Recorded data>
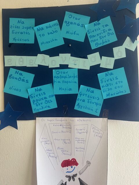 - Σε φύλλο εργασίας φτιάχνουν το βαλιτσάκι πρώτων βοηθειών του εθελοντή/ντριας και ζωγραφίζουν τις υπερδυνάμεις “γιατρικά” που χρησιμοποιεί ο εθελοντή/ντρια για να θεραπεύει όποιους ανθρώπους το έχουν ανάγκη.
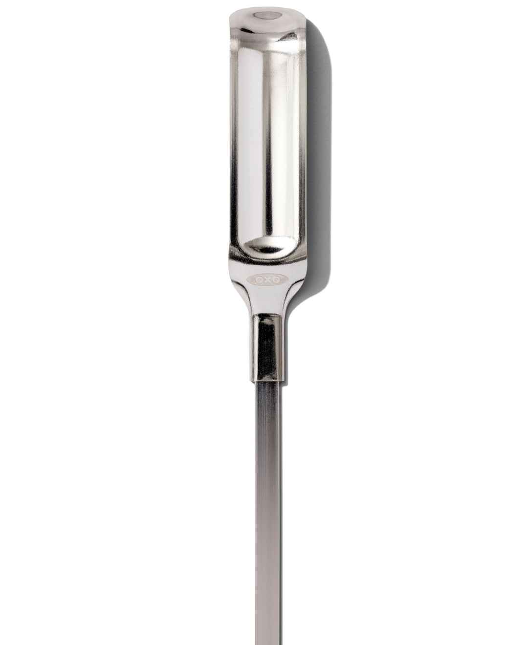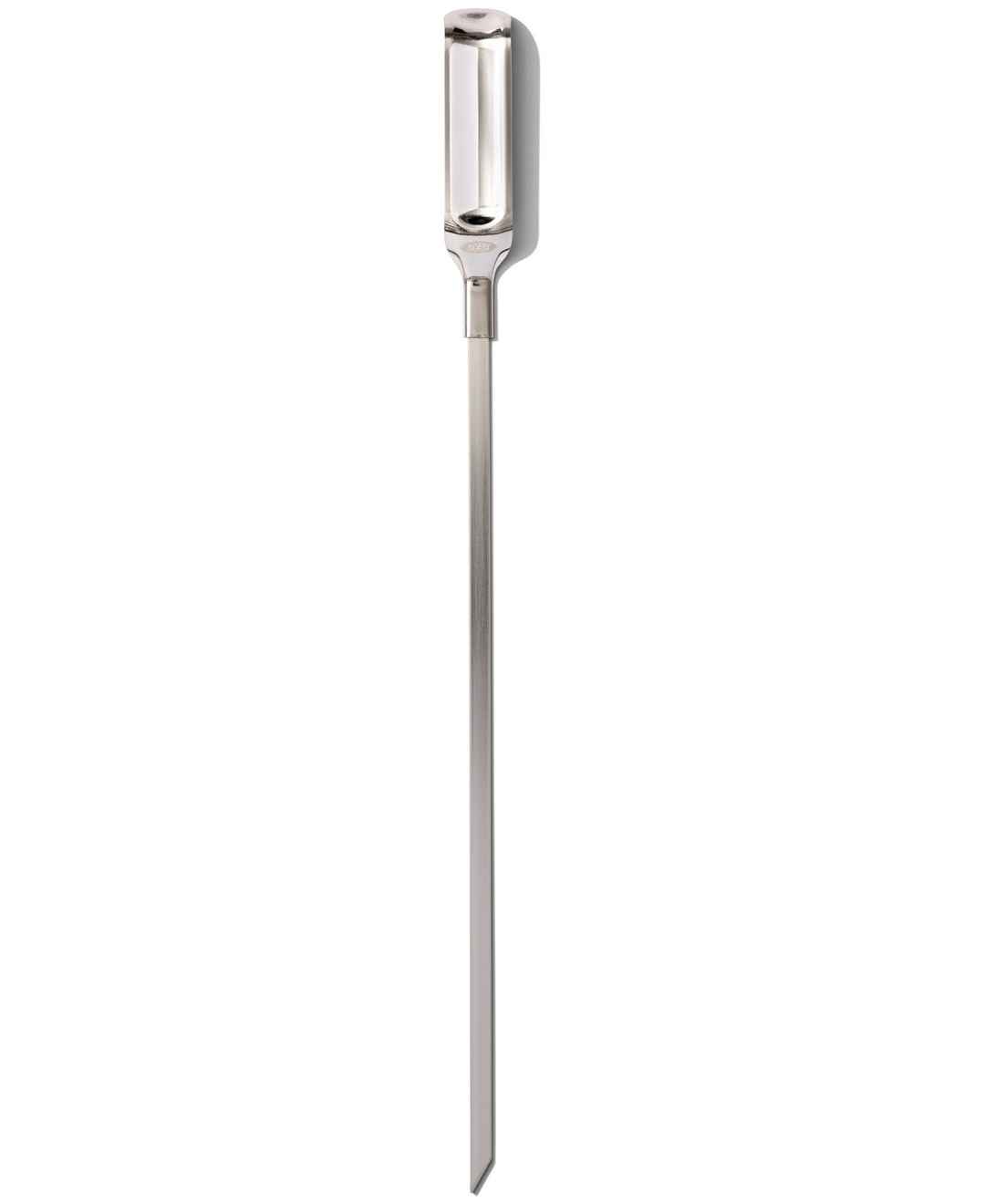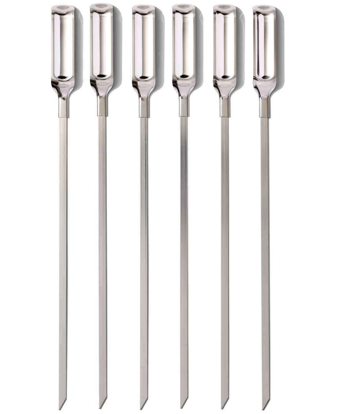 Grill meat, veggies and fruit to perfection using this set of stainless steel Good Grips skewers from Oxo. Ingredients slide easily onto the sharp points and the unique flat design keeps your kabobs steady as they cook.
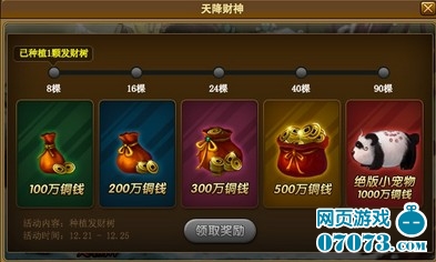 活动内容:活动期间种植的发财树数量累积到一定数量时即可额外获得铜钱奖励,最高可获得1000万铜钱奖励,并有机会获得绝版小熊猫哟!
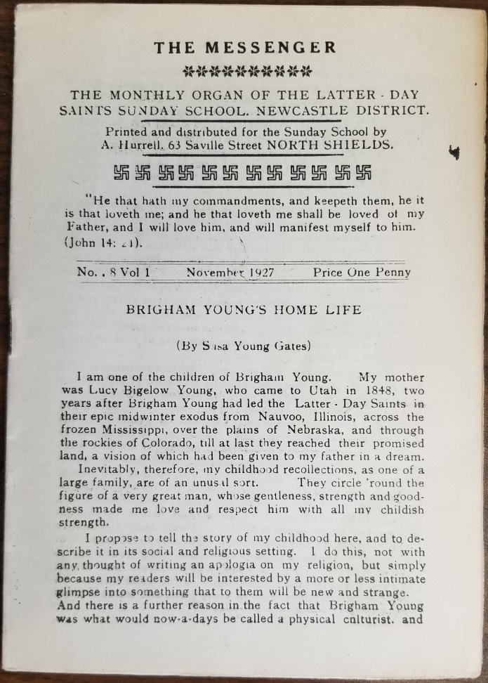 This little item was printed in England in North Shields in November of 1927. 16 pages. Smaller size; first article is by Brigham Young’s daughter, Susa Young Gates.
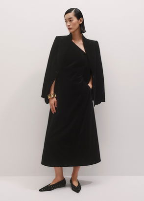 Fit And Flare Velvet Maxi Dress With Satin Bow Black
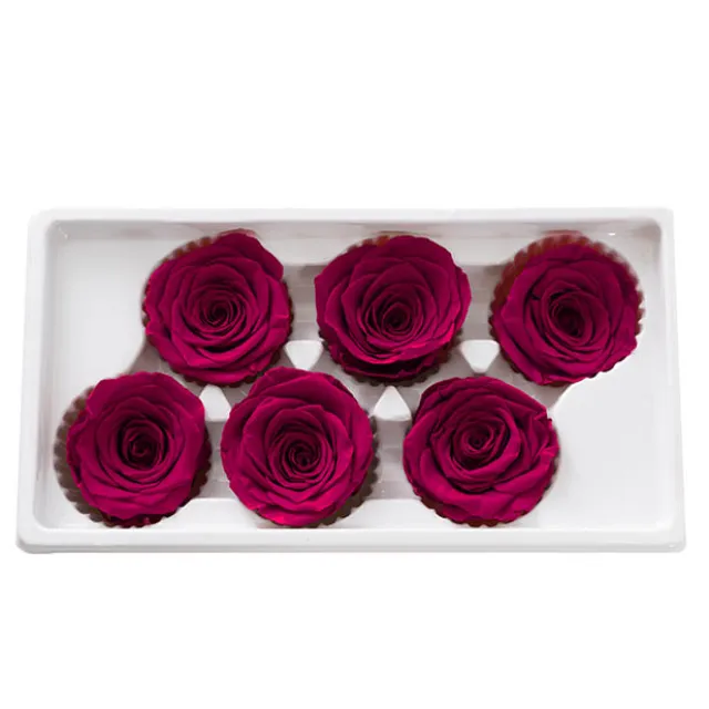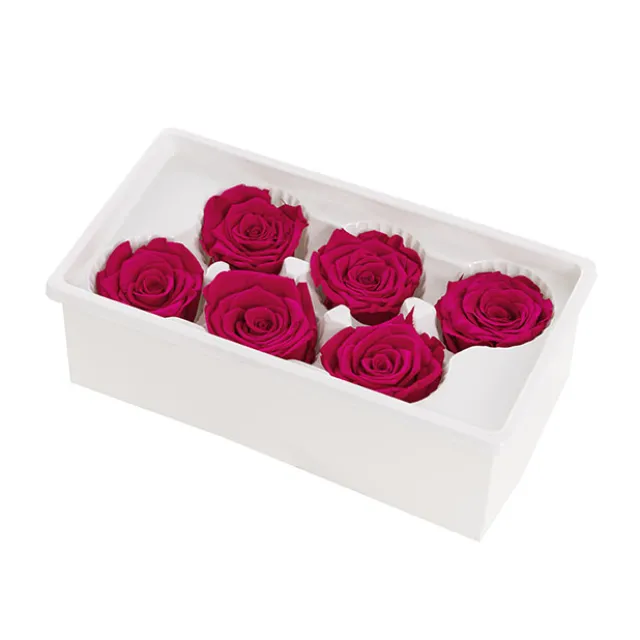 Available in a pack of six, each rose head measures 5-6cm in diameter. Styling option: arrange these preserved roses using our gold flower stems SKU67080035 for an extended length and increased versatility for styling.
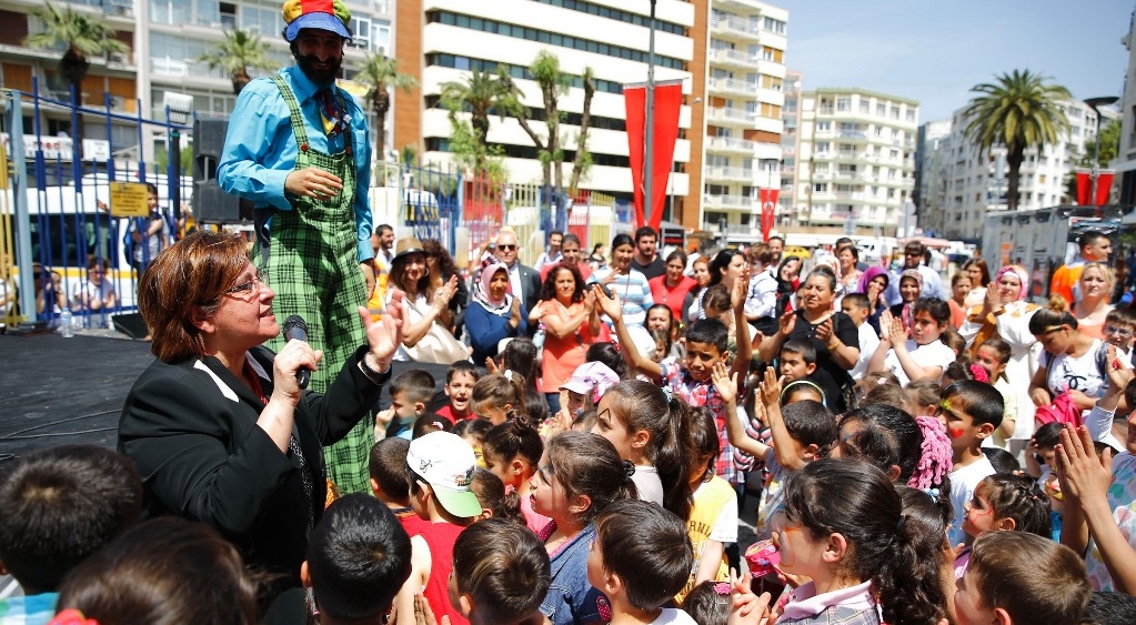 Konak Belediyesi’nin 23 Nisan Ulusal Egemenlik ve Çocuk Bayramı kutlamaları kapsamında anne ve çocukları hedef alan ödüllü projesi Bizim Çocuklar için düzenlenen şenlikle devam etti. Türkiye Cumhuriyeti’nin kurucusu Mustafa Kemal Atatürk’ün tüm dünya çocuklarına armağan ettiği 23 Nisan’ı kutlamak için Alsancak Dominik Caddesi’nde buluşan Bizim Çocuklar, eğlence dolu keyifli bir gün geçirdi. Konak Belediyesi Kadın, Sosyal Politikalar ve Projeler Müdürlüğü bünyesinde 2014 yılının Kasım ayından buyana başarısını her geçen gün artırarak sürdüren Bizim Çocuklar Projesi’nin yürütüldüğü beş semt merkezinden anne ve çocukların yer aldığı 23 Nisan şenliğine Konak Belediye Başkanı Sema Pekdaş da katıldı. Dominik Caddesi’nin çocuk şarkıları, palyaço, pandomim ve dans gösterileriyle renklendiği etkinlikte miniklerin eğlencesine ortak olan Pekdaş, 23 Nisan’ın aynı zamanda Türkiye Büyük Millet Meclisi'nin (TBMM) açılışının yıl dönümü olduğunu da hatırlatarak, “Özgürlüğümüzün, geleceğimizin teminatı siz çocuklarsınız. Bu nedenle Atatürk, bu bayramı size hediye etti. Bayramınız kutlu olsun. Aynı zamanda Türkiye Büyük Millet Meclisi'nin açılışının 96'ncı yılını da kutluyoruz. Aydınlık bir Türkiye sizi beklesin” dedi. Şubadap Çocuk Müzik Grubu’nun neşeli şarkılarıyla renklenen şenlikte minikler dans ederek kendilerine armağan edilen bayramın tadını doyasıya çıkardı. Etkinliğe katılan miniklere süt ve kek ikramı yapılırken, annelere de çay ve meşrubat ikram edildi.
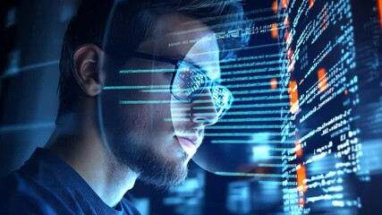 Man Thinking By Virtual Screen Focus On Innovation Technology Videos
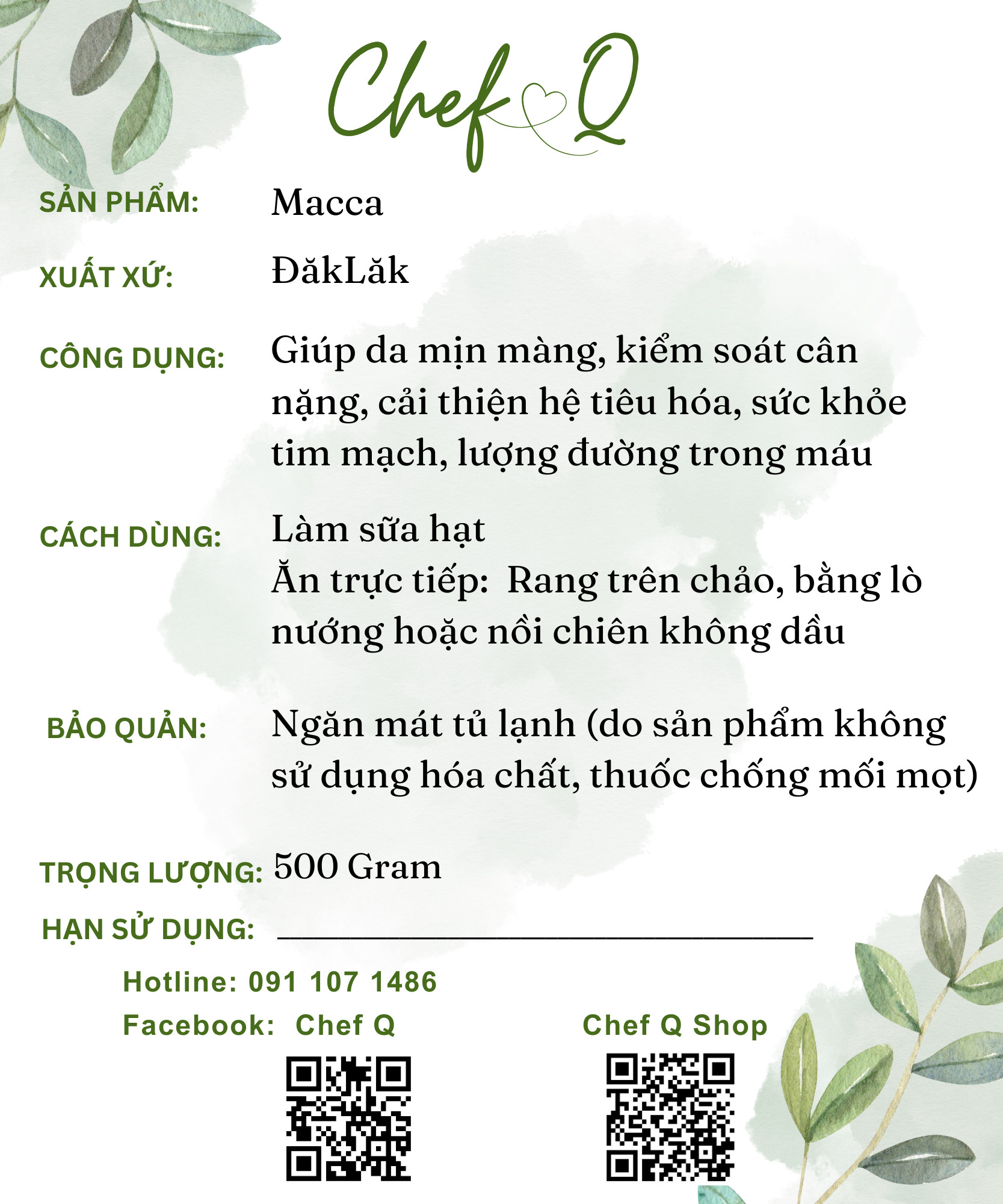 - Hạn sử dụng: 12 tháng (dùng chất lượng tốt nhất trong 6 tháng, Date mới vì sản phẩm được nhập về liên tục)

What the task asks> What you need to produce is an exact copy of the entries above, limited to the lines from the one with "活动内容:活动期间种植的发财" up to and including the one with "Available in a", without pictures.

Answer box>
 活动内容:活动期间种植的发财树数量累积到一定数量时即可额外获得铜钱奖励,最高可获得1000万铜钱奖励,并有机会获得绝版小熊猫哟!
 This little item was printed in England in North Shields in November of 1927. 16 pages. Smaller size; first article is by Brigham Young’s daughter, Susa Young Gates.
 Fit And Flare Velvet Maxi Dress With Satin Bow Black
 Available in a pack of six, each rose head measures 5-6cm in diameter. Styling option: arrange these preserved roses using our gold flower stems SKU67080035 for an extended length and increased versatility for styling.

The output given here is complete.